Shallow cumulus clouds provide locations for aqueous chemical reactions in addition to enhancing transport and mixing and scattering radiation. Barth, Kim, and Chin-Hoh Moeng used the NCAR LES coupled with gas and aqueous chemistry (over 50 species) to investigate the segregation between hydroxyl radical (OH) and isoprene, species which react to eventually produce ozone. Knowing the degree of segregation between reactants will help improve regional and global-scale chemistry simulations that assume the reactants are well-mixed; it will also improve interpretation of chemical species measurements in the atmospheric boundary layer. Results of a simulation with only gas-phase chemistry show that segregation of OH and isoprene reaches 30% in the cloud layer. Inside the cloud layer, the turbulent flux of isoprene is positive and the vertical gradient of the mean OH concentration is also positive. This leads to a major sink of the covariance between these species, and hence a larger segregation.

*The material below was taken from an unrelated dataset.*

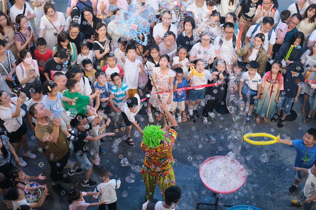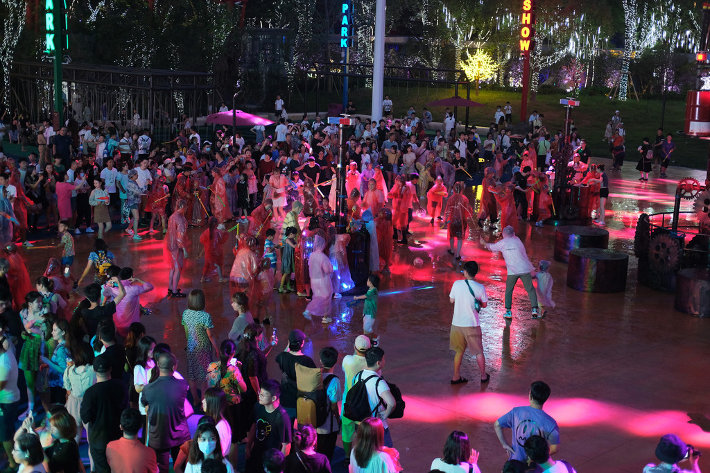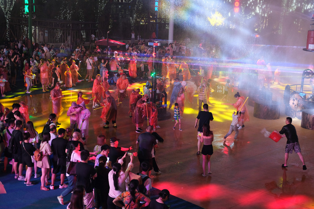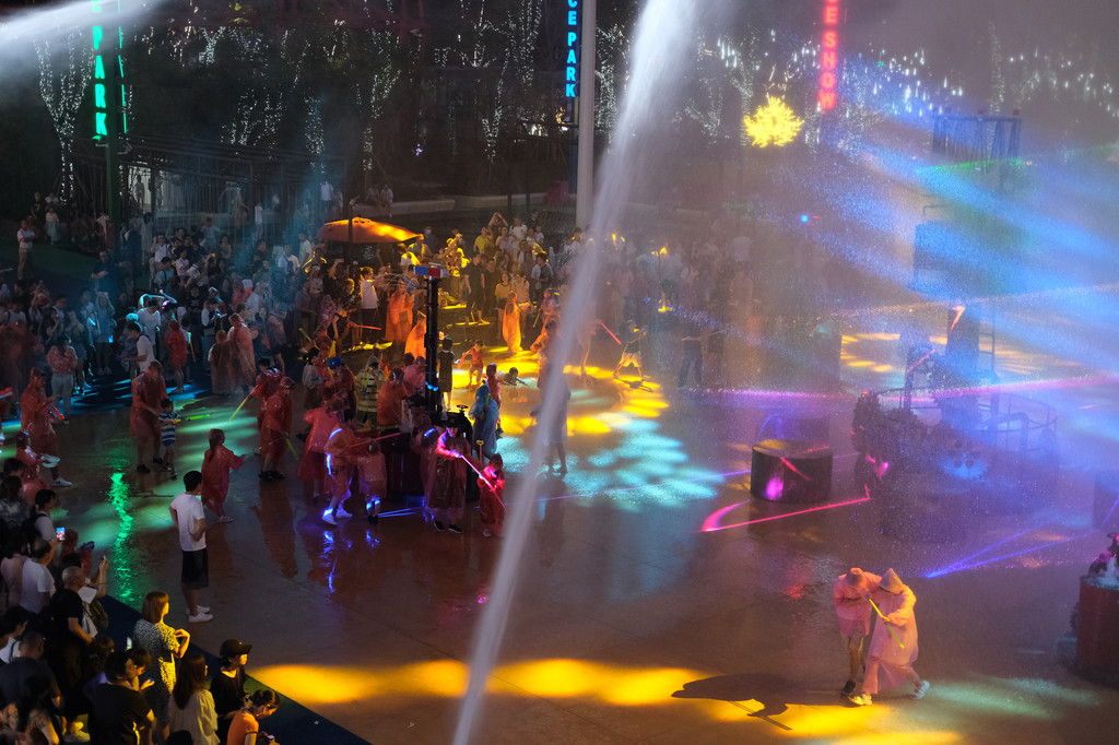 颜色泼水派对是上海宋城夏日限定的节目,节目开始会有两场助兴表演,分别是国际男演员表演的水鼓秀,以及外国美女表演的热舞。表演过后我们就可以拿起手中的泼水装备开始激烈的泼水大战了,另外现场还有灯光、喷水器,以及DJ在搞气氛,玩得特别嗨,现场充满了欢声笑语,好不热闹,不管男女老少在这里都可以玩得很开心。

When aqueous-phase chemistry is also included, the segregation between the two species reaches 40% in the cloud layer, further indicating the importance of cloud chemistry on the distribution of OH and isoprene. These LES results will continue to be analyzed to determine which chemical reactions are contributing to the covariance of isoprene and OH.

Lagrangian Dispersion Modeling in the CBL Using LES Fields

In collaboration with Chin-Hoh Moeng and Peter Sullivan, Jeffrey Weil (visitor, University of Colorado) used velocity fields from large-eddy simulations (LES) to drive a Lagrangian model of dispersion in the convective boundary layer (CBL). In this combined LES - Lagrangian stochastic model (LSM), passive “particles” were tracked with a velocity given by the sum of the filtered and random subfilter-scale (SFS) LES velocities. The SFS velocity was modeled using an adaptation of Thomson's (1987) LSM, in which the random forcing was based on the SFS fraction of the total turbulent kinetic energy (TKE). The modeled crosswind-integrated concentration (CWIC) fields were in good agreement with 1) surface-layer similarity theory for a surface source in the CBL, and 2) convection tank measurements of the CWIC from an elevated source in the CBL surface layer. The comparison included the modeled evolution of the vertical profile shape with downstream distance, which showed the attainment of an elevated CWIC maximum and vertically well-mixed CWIC far downstream, in agreement with the tank data. For the proposed model, the agreement with the data and theory was better than that found with an earlier model in which the SFS fraction of the TKE was assumed to be 1, and significantly better than a model that neglected the SFS velocities altogether.

Turbulent Dispersion of Scalars

The fumigation process, where an elevated source of a scalar is entrained into a growing convective boundary layer (CBL), is controlled by turbulent dispersion. By using a Lagrangian particle model, Jeffrey Weil (visitor, University of Colorado/CIRES), Si-Wan Kim (Seoul National University, Korea), C.-H. Moeng, and Mary Barth, examined the distribution of passive particles along the LES-generated turbulent velocity flow. Analysis of the simulations showed that fumigation from sources above the entrainment zone and within the entrainment zone should be treated separately. The translation from time to space coordinates (so that pollutants advected into a growing boundary layer can be studied) needs to be determined with the time-dependent mean boundary layer wind rather than the initial mean boundary layer wind because the mean boundary layer wind speed decreases as the simulation proceeds. They plan to improve the subgrid-scale velocity model to improve predictions of particle concentrations at the surface in a rapidly growing CBL.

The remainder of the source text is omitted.